Les maillots distinctifs prennent la pose
Qui dit dernière étape dit moment de célébrations. La formation Movistar est la première à y passer avec un maillot spécial rouge et blanc pour célébrer le succès d’Enric Mas, en passe de devenir le 64e vainqueur différent de La Vuelta. Il sera le 25e vainqueur espagnol, succédant à Alberto Contador en 2014. Il s'agira également de la 5e victoire de Movistar après les succès de Pedro Delgado (1989, sous le sponsor Reynolds), Abraham Olano (1998, Banesto), Alejandro Valverde (2009, Caisse d’Épargne) et Nairo Quintana (2016, Movistar).
Wout van Aert (Visma-Lease a Bike) est lui mathématiquement assuré d’être le 13e Belge à remporter le classement par points, le deuxième de ce siècle après Greg Van Avermaet en 2008. Santiago Buitrago (Bahrain Victorious) sera lui le cinquième Colombien à remporter le classement de la montagne après Luis Herrera (1987, 1991), Oscar de Jesus Vargas (1989), Martin Farfan (1990) et Felix Cardenas (2003, 2004). Quant au classement du meilleur jeune, Oscar Onley (Netcompany Ineos) va devenir le premier Britannique à en être lauréat.

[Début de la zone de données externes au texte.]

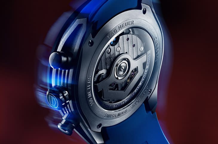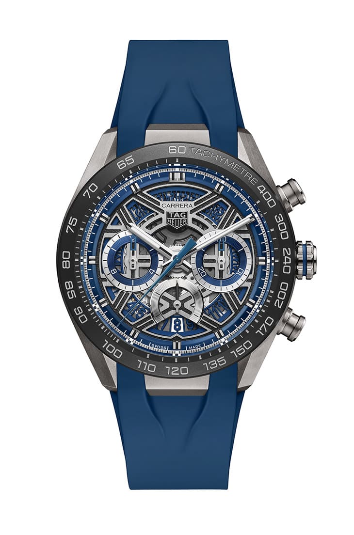 以上这六款Carrera Extreme Sport系列表背都是透明底盖,其中计时款可见内部的TH20-00自动机芯,其动力储存达80小时之多,而陀飞轮计时码表则是搭载Heuer 02的高配进化版——TH20-09自动机芯,机芯内部蕴含导柱轮、垂直离合机制,还有融入品牌标志的盾形镂空自动盘,由于机芯功能较复杂,因此其耗能也会更兇,不过品牌仍坚持发挥手表的实用性,因此其动力储存得以维持在65小时水准,对照同功能组合的手表而言极具竞争力。
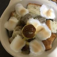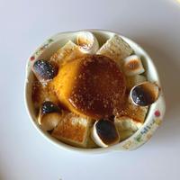 食パンを利用した、簡単おやつを作りました。マシュマロをプリンアラモードの生クリームに見立てて、とろーり食感に! プリンと食パンも絡まり濃厚なカスタードへ。贅沢な1品に仕上がりました。是非、お試しください。

Tobias Johannessen enfin récompensé
Le rythme commence à s’accélérer dans le circuit final de Granada, long de 9,8 kilomètres et à boucler à quatre reprises. La première offensive vient du Français Bastien Tronchon (Groupama-FDJ United), vainqueur à Elche de la Sierra, qui accélère à 27 kilomètres de l’arrivée. Ses compatriotes Valentin Paret-Peintre (Soudal Quick-Step), Léo Bisiaux (Decathlon CMA CGM) et Axel Laurance (Netcompany Ineos) l’accompagnent, de même que Finn Fisher-Black (Red Bull-Bora-Hansgrohe), Matthew Brennan (Visma-Lease a Bike), Milan Vader (Pinarello Q36.5), Thibau Nys (Lidl-Trek) et Alessandro Romele (XDS Astana). Ils sont finalement repris à 19 kilomètres du but.
Un groupe de 11 coureurs finit par s’isoler pour se disputer la victoire. Les attaques fusent de toutes parts, venant notamment de Pello Bilbao (Bahrain Victorious) et Axel Laurance, mais personne ne parvient à faire la différence. Ramses Debruyne (Alpecin-Premier Tech) trouve la faille à l’entame du dernier kilomètre, suivi comme son ombre par Alessandro Romele (XDS Astana) et Tobias Johannessen (Uno-X Mobility). L’Italien est censé avoir la meilleure vitesse de pointe, mais le Norvégien attaque en premier et résiste à son retour.
Après avoir obtenu deux podiums d’étapes sur le Tour de France, puis deux autres sur cette Vuelta 26, Johannessen est enfin récompensé de ses efforts. Il décroche sa première victoire sur un Grand Tour. Quelques minutes plus tard, et après que les temps aient été neutralisés à 9,8 kilomètres de l'arrivée (quatrième et dernier tour du circuit final), les maillots distinctifs et hommes du classement général franchissent l'arrivée pour confirmer définitivement les résultats cités précédemment.